Golden State has a well-deserved reputation for playing a sophisticated brand of basketball. But this is a team that can also win ugly, no small assets in the post-season.

“We’ve been here before and we know how to play games like this,” Karim said.

Without Morant, Memphis wanted to ruin it. After delivering limited minutes in recent weeks, Stephen Adams started from the center and was good, finishing with 10 points and 15 rebounds. The problem was with everyone else. Brooks hit 5 of 19 from the field. Kyle Anderson went 2 of 7 from the penalty shootout. Jackson missed all seven three-point attempts.

“It’s hard when it happens,” he said. “I wanted more of myself.”

The question is whether Memphis has more to give. These young grizzlies seem to need post-season sessions – a quick fusion of the secrets of winning high stakes. They have won a lot in the regular season, ending up with the second best record in the NBA, but win when every game is emotional, when critical rough calls are useless, when defending easy shots is difficult and hard shots are impossible, when free kicks do not feel so free? Learning all this can take years and many players never do. The Grizzlies may have to play as if – without the best player.

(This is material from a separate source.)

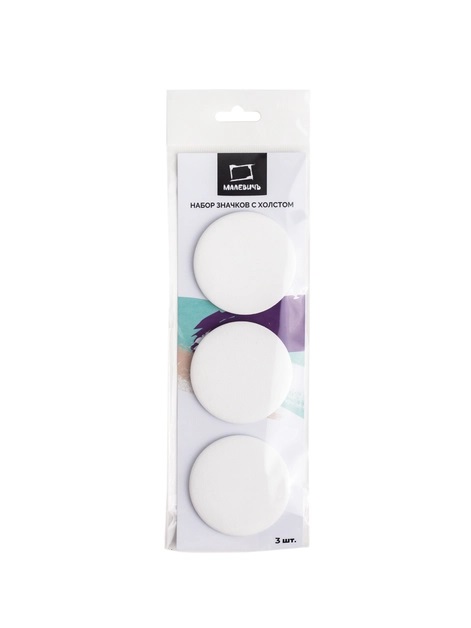 Круглые значки-холсты диаметром 5,6 см. Классический холст 250 г/м2, из 100% хлопка, загрунтованный, в виде значка с застежкой на обороте. Подходит для рисования маслом, акрилом и акриловыми маркерами. Комплект из 3-х штук.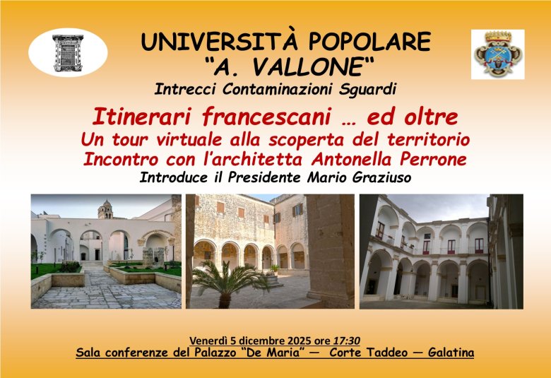 Venerdì 5 dicembre 2025 alle ore 17:30, nella Sala conferenze dell’ex Palazzo De Maria, in Corte Taddeo a Galatina

Memphis did not disclose the specifics of Morant’s injury, but he was not insured against knee problems. In November, during a terrible start to the regular season, he wiped his left knee and then incorporated it into the league’s health and safety protocols, skipping 12 games. He missed a few more games at the end of the regular season with knee pain.

Nevertheless, Adams said the team could improve on Game 5, which he described as “easy” and “reassuring”. And what were they?

“I can not disclose this information, my friend,” he said. “Keep it a secret. But this is not a difficult case. This is not something we can do. Put it that way. “

Memphis still has time to figure it out. But not so much, especially against Golden State.